I've been seeing a lot of despairing posts about how our nation could have elected Obama yet simultaneously stripped GLBT couples of the rights to marry and parent. blue_jay's post here particularly got me with the thought that "if God had brought the Israelites out of Egypt and not divided the sea, the army would have brought them right back into Egypt. We got Obama but not gay marriage. Was it enough?"

Yes, I think it was. For now, but not forever. And frankly, I don't think we have that long to wait.

I was riveted by Obama's reference to us as the "Joshua Generation",

"I'm here because somebody marched. I'm here because you all sacrificed for me. I stand on the shoulders of giants. I thank the Moses generation; but we've got to remember, now, that Joshua still had a job to do. As great as Moses was, despite all that he did, leading a people out of bondage, he didn't cross over the river to see the Promised Land. God told him your job is done. You'll see it. You'll be at the mountain top and you can see what I've promised. What I've promised to Abraham and Isaac and Jacob. You will see that I've fulfilled that promise but you won't go there. We're going to leave it to the Joshua generation to make sure it happens. There are still battles that need to be fought; some rivers that need to be crossed.

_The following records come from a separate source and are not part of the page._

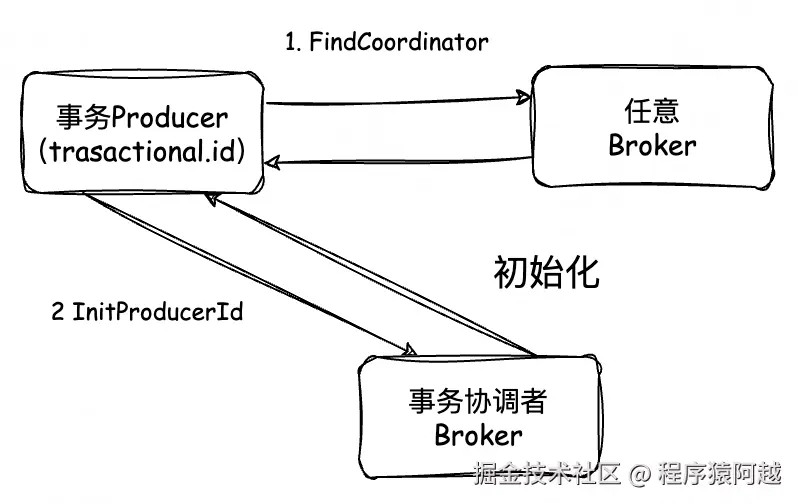 3)事务生产者,发送InitProducerId给事务协调者;
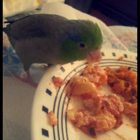 His name is Walter. He is very sociable and will likely fly to anybody. He has blue under his wings and around his eyes, his primary color is bright green. He does have a band around his leg.
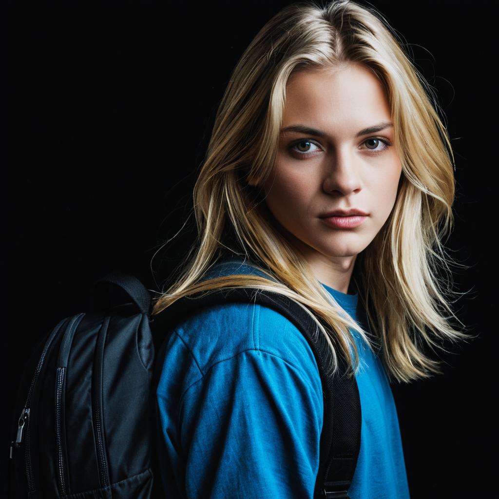 Photorealistic close-up of a young blonde woman with medium-length hair and blue eyes, wearing a blue long-sleeve shirt and carrying a black backpack against a solid black background. The subject looks directly at the viewer with a neutral expression.

We are so deep in it that right now I am grateful to have someone who might even just get us pointed out of Egypt. He's laying the groundwork, and doing what he can given the cultural divisions he's working with. I hate seeing the most fundamental right to create a family legally compromised, but I truly believe that the nasty fight we are seeing in California and elsewhere is because social conservatives recognize that they are a dying breed, and that the frameworks are falling.

The Civil Rights Act was signed just over 40 years ago, and when you really think about it, it's pretty astonishing how far our society has come in that time. God told Moses "Your people will wander for 40 years in the desert and their faith will be tested. If they hold fast, they will see the promised land. But you yourself will never see it, Joshua and the younger generation will take up the staff and lead them the rest of the way." The civil rights activists held fast. We've come so far as a nation. We're close, and progress will only speed up. So Obama himself or the nation that elected him this time around is not the promised land, but at least we can see it over the mountaintops.

Perhaps I'm being a bit melodramatic in my response to J.'s Passover post, but I'm just so excited by the cultural shift alone that had to happen in this election. Perhaps it will be a while before we see more action on the civil rights front, but when we do I suspect it will be strong and permanent. And I think Obama will be around to see it.